Recorded information:

+ + + + +

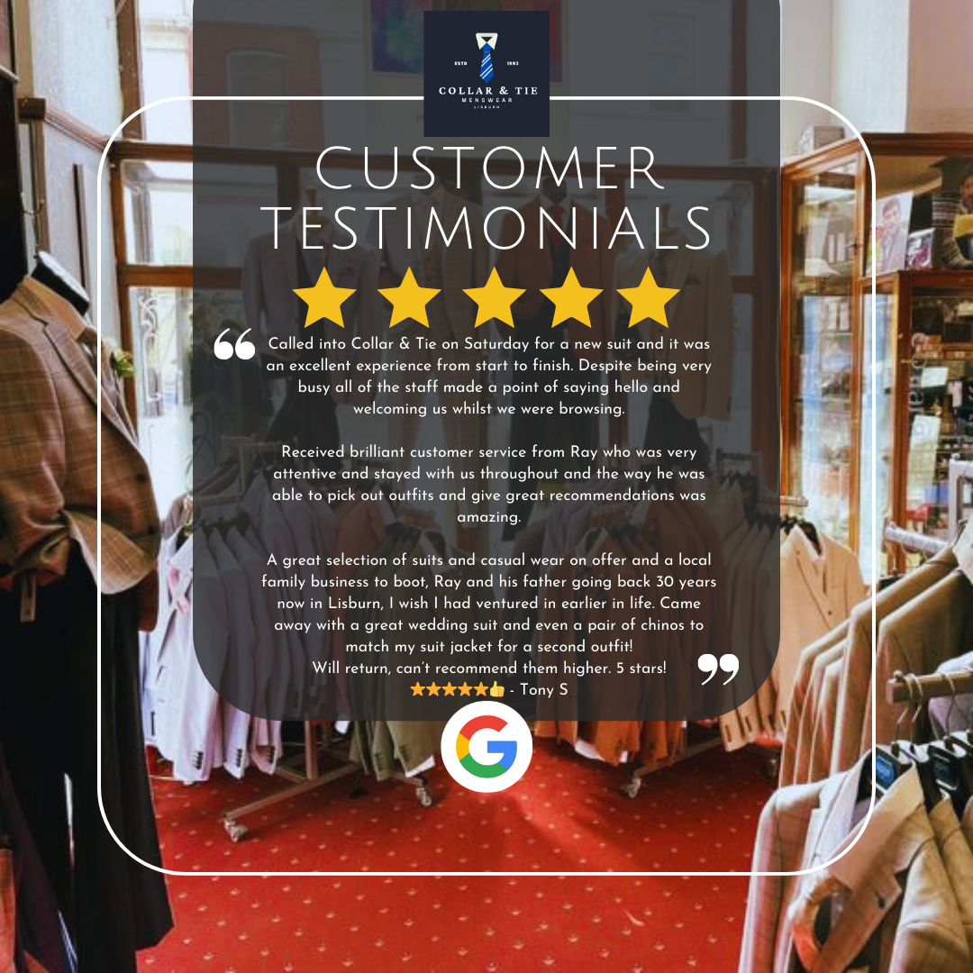 Collar and Tie Menswear is an award winning family run gentlemen's outfitters, specialising in Suits and casual attire. Serving Lisburn for over 30 Years, they are renowned for their excellent customer service and top quality brands.
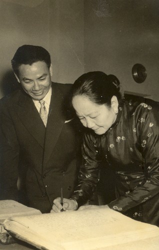 Bà Bền đang ký sổ bộ hôn nhân của ba má tôi (ngày 24-9-1954).
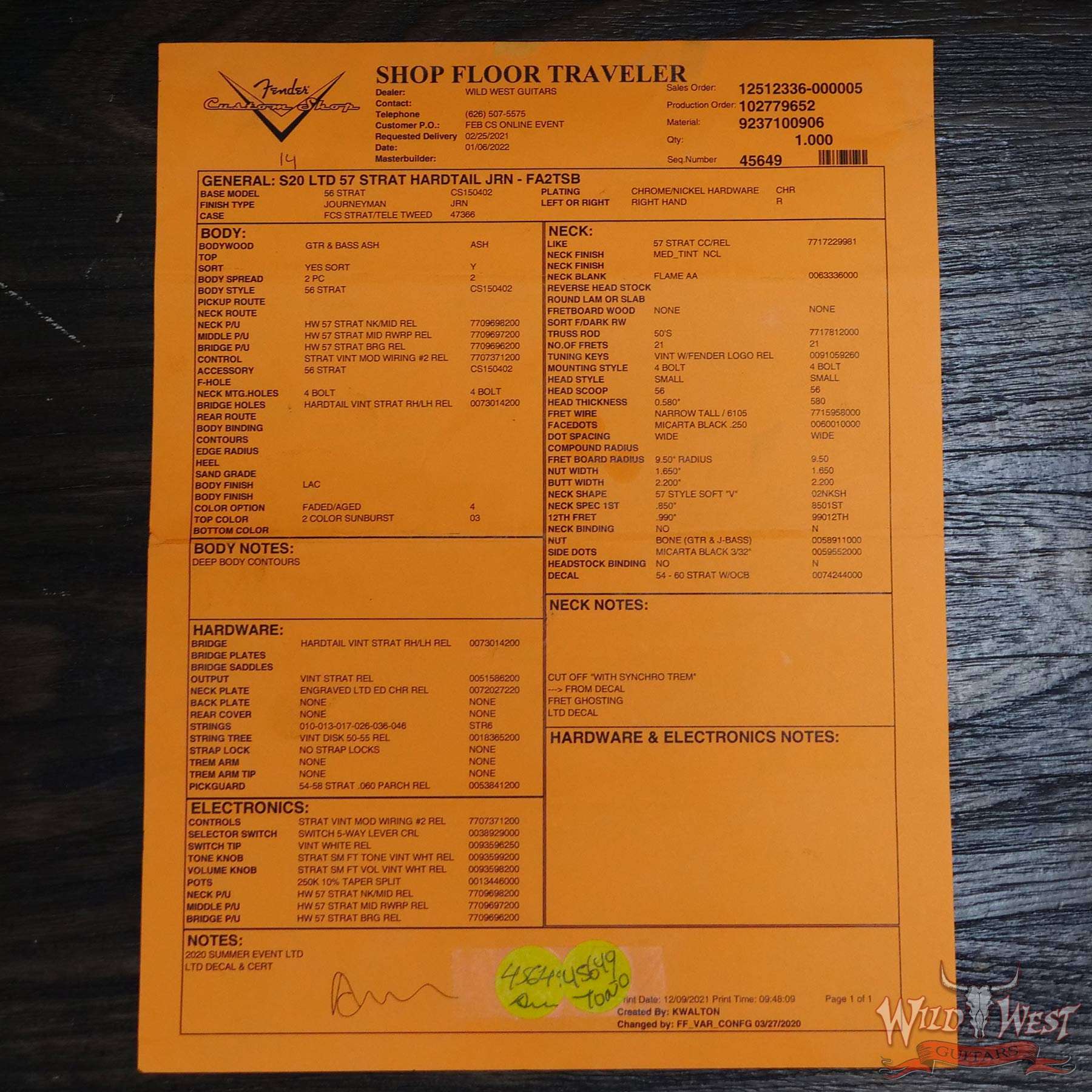 Fender Custom Shop limited Edition 1957 Stratocaster Hardtail Hand-Wound Pickups Journeyman Relic Faded Aged 2 Tone Sunburst

+ + + + +

To do: Please set the data above down exactly, with the pictures removed.

Reply:
 Collar and Tie Menswear is an award winning family run gentlemen's outfitters, specialising in Suits and casual attire. Serving Lisburn for over 30 Years, they are renowned for their excellent customer service and top quality brands.
 Bà Bền đang ký sổ bộ hôn nhân của ba má tôi (ngày 24-9-1954).
 Fender Custom Shop limited Edition 1957 Stratocaster Hardtail Hand-Wound Pickups Journeyman Relic Faded Aged 2 Tone Sunburst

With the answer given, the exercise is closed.